Solomon Fischel (1869–1913)
Editor’s Note: I have chosen to give Fischel a more extensive entry than is typical in the People section of the web site because his early death and Couney’s subsequent retellings of his origin story caused Fischel’s role to fade almost into obscurity. I have spent hours researching Fischel in newspaper archives to try and recapture a more complete picture of his participation in early incubator exhibits.
Solomon Fischel was a physician and businessman who played a central but largely unrecognized role in the incubator baby exhibition movement in the United States during the first decade of the twentieth century. For over twenty years he was the principal associate and business partner of Martin Couney, and he served as the primary road operator for the Infant Incubator Company, bringing incubator exhibits to regional fairs, amusement parks, and expositions across the country. Despite his prominence during his lifetime — including a nationally syndicated byline in the Hearst press — he has been almost entirely eclipsed in the historical literature by Couney, and his contribution to the early care of premature infants has received little scholarly attention.
Origins and Early Career
Fischel’s early biography has been uncertain, as he appears to have adjusted the details of his background for different audiences — a habit he shared with Couney. His obituary in the New York Times (October 20, 1913) stated that he was “born in Russia” and had been “a practicing eye specialist in Budapest and other Continental cities for several years.” The Boston Medical and Surgical Journal (October 30, 1913), however, recorded his birthplace as Budapest, Hungary, with a birth year of 1870. A Buffalo newspaper in 1901 described him as “Dr. Fischel of Vienna,” and at the Florida Midwinter Exposition in Jacksonville in 1908 he was introduced as “of Berlin, Germany, the originator of the incubator.” Even his first name varied: he was “Dr. Albert Fischel” in the 1901 Buffalo press and “Dr. Solomon Fischel” in corporate documents and later accounts. Whether he held an actual medical degree is uncertain, though Dawn Raffel, author of The Strange Case of Dr. Couney, appears to accept that he was a physician, and his listing in the Boston Medical and Surgical Journal‘s death notices lends weight to this view.

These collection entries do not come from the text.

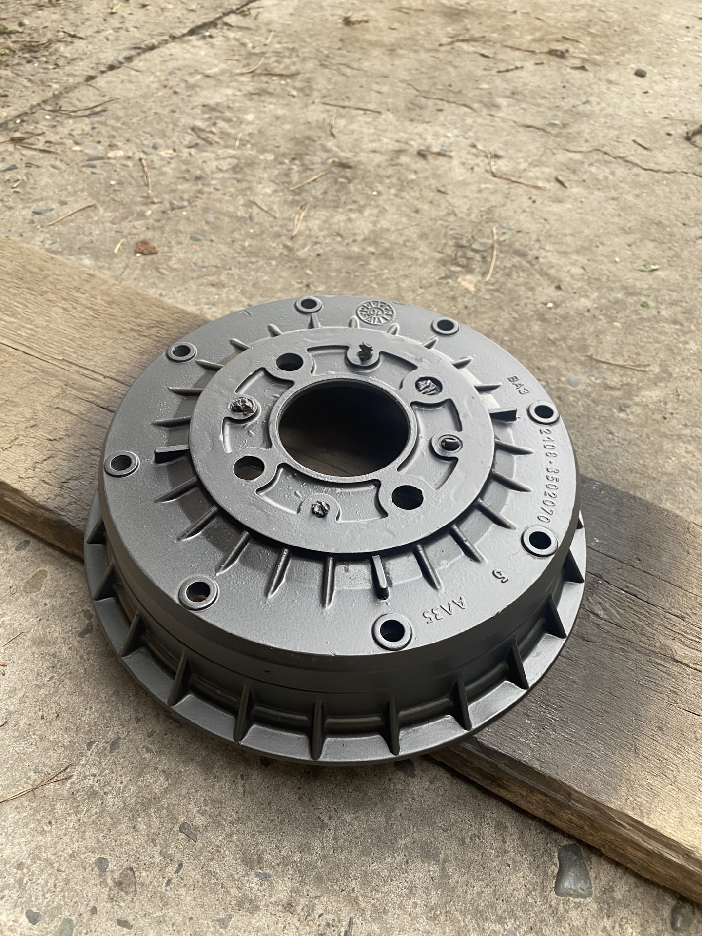Почистил, покрасил в черный мат, заодно и задние барабаны освежил.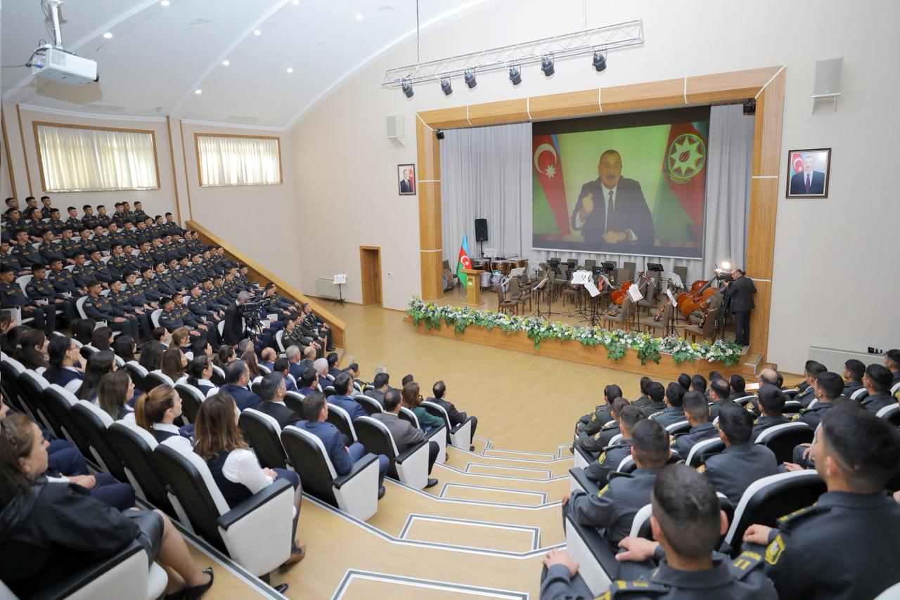 Kursantlar Hərbi Kollecin marşını səsləndirib, Naxçıvan Dövlət Universitetinin Simfonik orkestri vətənpərvərlik və qələbə ruhlu musiqi nömrələri təqdim ediblər.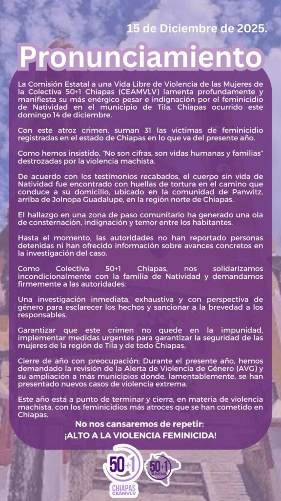 Con este crimen de Natividad, la cifra oficial de víctimas de feminicidio en el estado de Chiapas asciende a 31 en lo que va del presente año, una estadística que, de acuerdo con la Colectiva, subraya la crisis de violencia machista.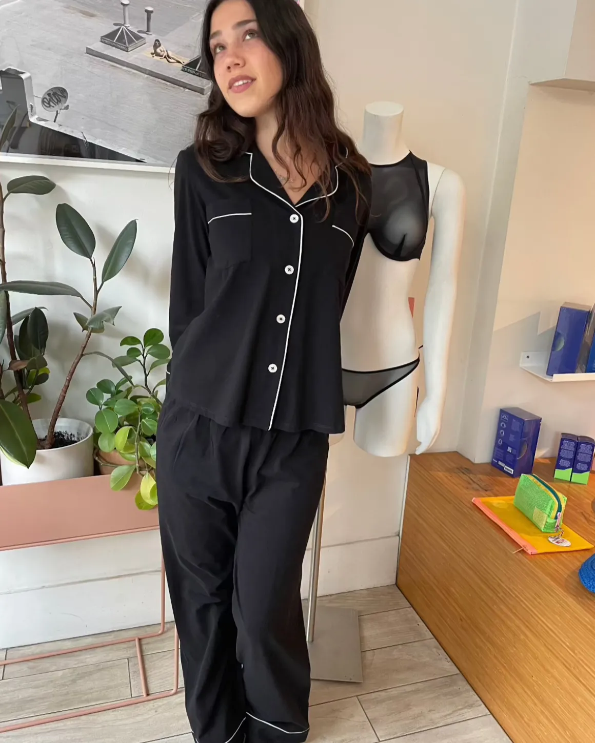 Finally, the perfect weight cotton PJs! These classic PJs come in brushed Pima cotton, the finest of cottons, in a cloud soft ‘feels like flannel’ touch. Black for you NYers, with white piping.

His passport applications of 1902 and 1908, however, give a somewhat different picture. The details vary slightly between the two applications but are consistent overall. He gives his name as Salomon Fischel in 1902 and Solomon in 1908, born in Poland, with a birthdate of July 20, 1869, and that he immigrated to the United States on May 18, 1887 arriving from Liverpool on the ship Aurania. He states that he was continuously residing in the US from 1887 to 1902 and naturalized in St. Louis on August 30, 1892, so it seems likely his port of arrival was St. Louis, although I have not been able to find any ships records for that arrival so far. The naturalization date is confirmed by St. Louis Circuit Court records. His permanent residence on the 1902 form is given as New York, while it is both New York and St. Louis on the 1908 form. His 1902 application was witnessed by Samuel Schenkein and the 1908 application was witnessed by Edward Buda. The 1902 application gives his occupation as “commercial man,” while the 1908 application says “merchant.” His immigration at the age of 18 makes his personal legend of having been a “practicing eye specialist in Budapest” seem implausible at best.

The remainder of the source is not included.